1-800 CONTACTS offers consumers an attractive alternative for obtaining replacement contact lenses in terms of convenience, price and speed of delivery. Through its easy-to-remember, toll-free telephone number, "1-800-CONTACTS" (1-800-266-8228), and its Internet web site, www.contacts.com, the Company sells all of the most popular brands of contact lenses. High volume, cost-efficient operations enable 1-800 CONTACTS to offer products at competitive prices while delivering a high level of customer service.

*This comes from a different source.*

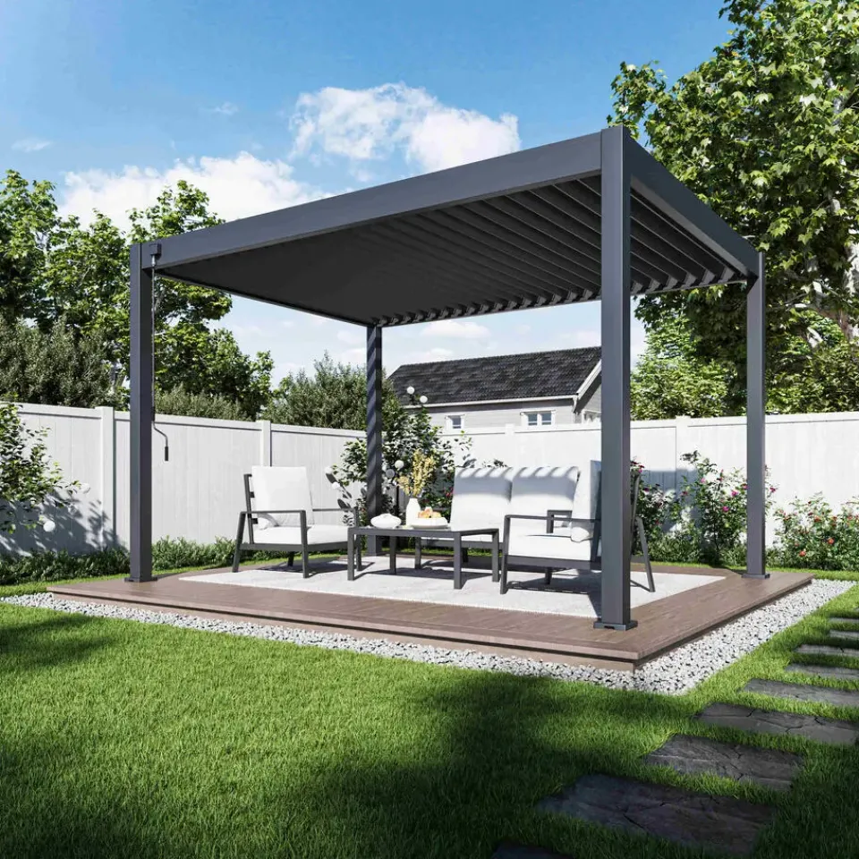De Orion Deluxe overkapping is een stijlvolle en praktische oplossing voor mensen die op zoek zijn naar een manier om hun buitenruimte te beschermen tegen de zon, regen of sneeuw. Hiermee verleng je je buitenseizoen en zit je altijd comfortabel in eigen tuin. De Orion Deluxe overkapping biedt een overdekte ruimte van 12 m² waar je kan genieten van het buitenleven in alle seizoenen. Daarnaast is deze pergola perfect geschikt als overkapping voor een lounge set, zwembad of spa. De overkapping kan ook dienen als carport voor een motor of auto.

This news release contains forward-looking statements about the proposed acquisition of Lens Express and Lens1st and any expected benefits associated thereto. These statements are subject to risks and uncertainties that could cause actual results to differ materially from those set forth in or implied by such forward-looking statements. Factors that may cause future results to differ materially from the Company's current expectations include, among others: the inability to agree on definitive documentation, unsatisfactory due diligence results, failure to receive necessary debt financing, general economic conditions, the health of the contact lens industry, inventory acquisition and management, manufacturing issues, integration of IGEL, integration of Lens Express and Lens First, exchange rate fluctuations, advertising spending and effectiveness, unanticipated delays or difficulty certifying with Vistakon requirements, and regulatory considerations.